Beginning with the line that contains "A fully realized" and ending with the last line of the records, write out each line exactly and omit the pictures.

___ DATA SHOWN ___

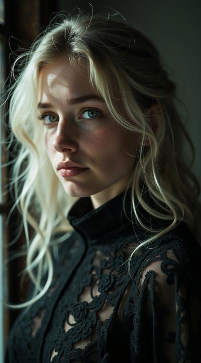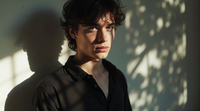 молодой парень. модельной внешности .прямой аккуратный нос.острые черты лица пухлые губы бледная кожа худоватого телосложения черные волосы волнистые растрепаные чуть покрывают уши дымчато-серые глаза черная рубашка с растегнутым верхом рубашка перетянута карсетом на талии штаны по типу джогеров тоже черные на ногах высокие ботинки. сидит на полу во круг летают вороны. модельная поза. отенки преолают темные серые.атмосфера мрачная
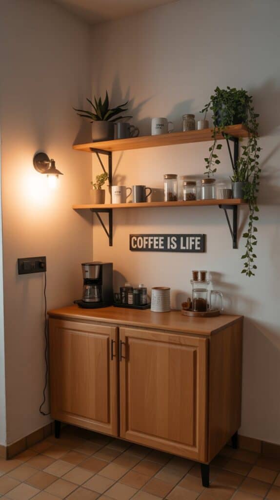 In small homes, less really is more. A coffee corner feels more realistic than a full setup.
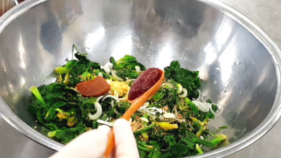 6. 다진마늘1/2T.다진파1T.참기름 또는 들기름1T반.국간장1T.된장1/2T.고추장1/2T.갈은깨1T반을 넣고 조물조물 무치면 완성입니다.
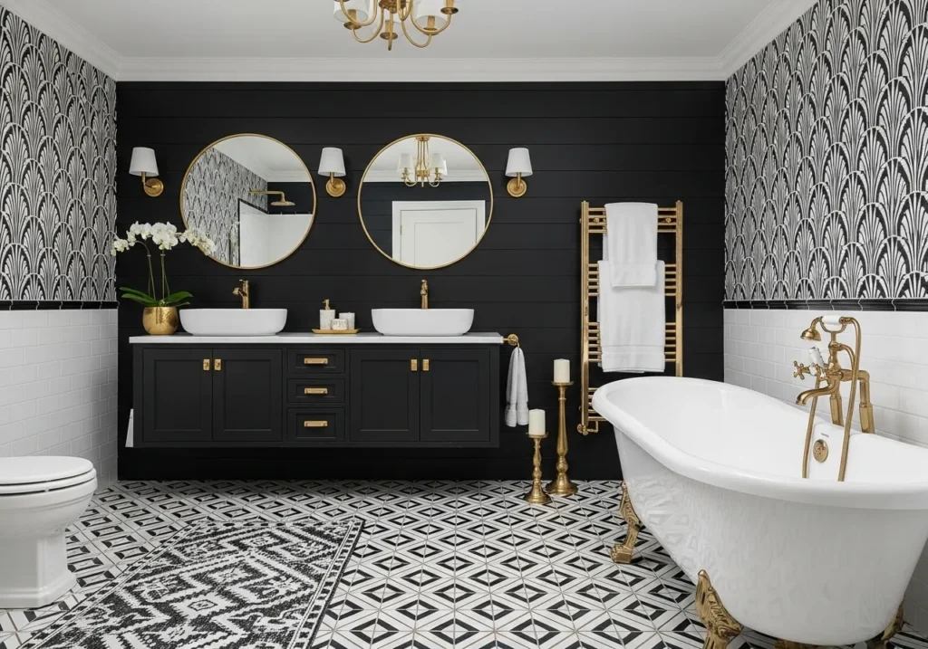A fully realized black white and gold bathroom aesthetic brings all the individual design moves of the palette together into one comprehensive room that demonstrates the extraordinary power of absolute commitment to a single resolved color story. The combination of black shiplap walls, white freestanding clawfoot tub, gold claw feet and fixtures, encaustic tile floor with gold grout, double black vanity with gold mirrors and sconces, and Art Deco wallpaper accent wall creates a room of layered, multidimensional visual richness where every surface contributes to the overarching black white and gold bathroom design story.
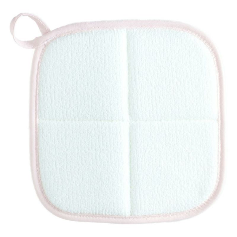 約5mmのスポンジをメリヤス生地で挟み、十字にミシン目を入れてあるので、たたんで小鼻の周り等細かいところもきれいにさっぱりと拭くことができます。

___

### SOLUTION FOR THIS EXERCISE
A fully realized black white and gold bathroom aesthetic brings all the individual design moves of the palette together into one comprehensive room that demonstrates the extraordinary power of absolute commitment to a single resolved color story. The combination of black shiplap walls, white freestanding clawfoot tub, gold claw feet and fixtures, encaustic tile floor with gold grout, double black vanity with gold mirrors and sconces, and Art Deco wallpaper accent wall creates a room of layered, multidimensional visual richness where every surface contributes to the overarching black white and gold bathroom design story.
 約5mmのスポンジをメリヤス生地で挟み、十字にミシン目を入れてあるので、たたんで小鼻の周り等細かいところもきれいにさっぱりと拭くことができます。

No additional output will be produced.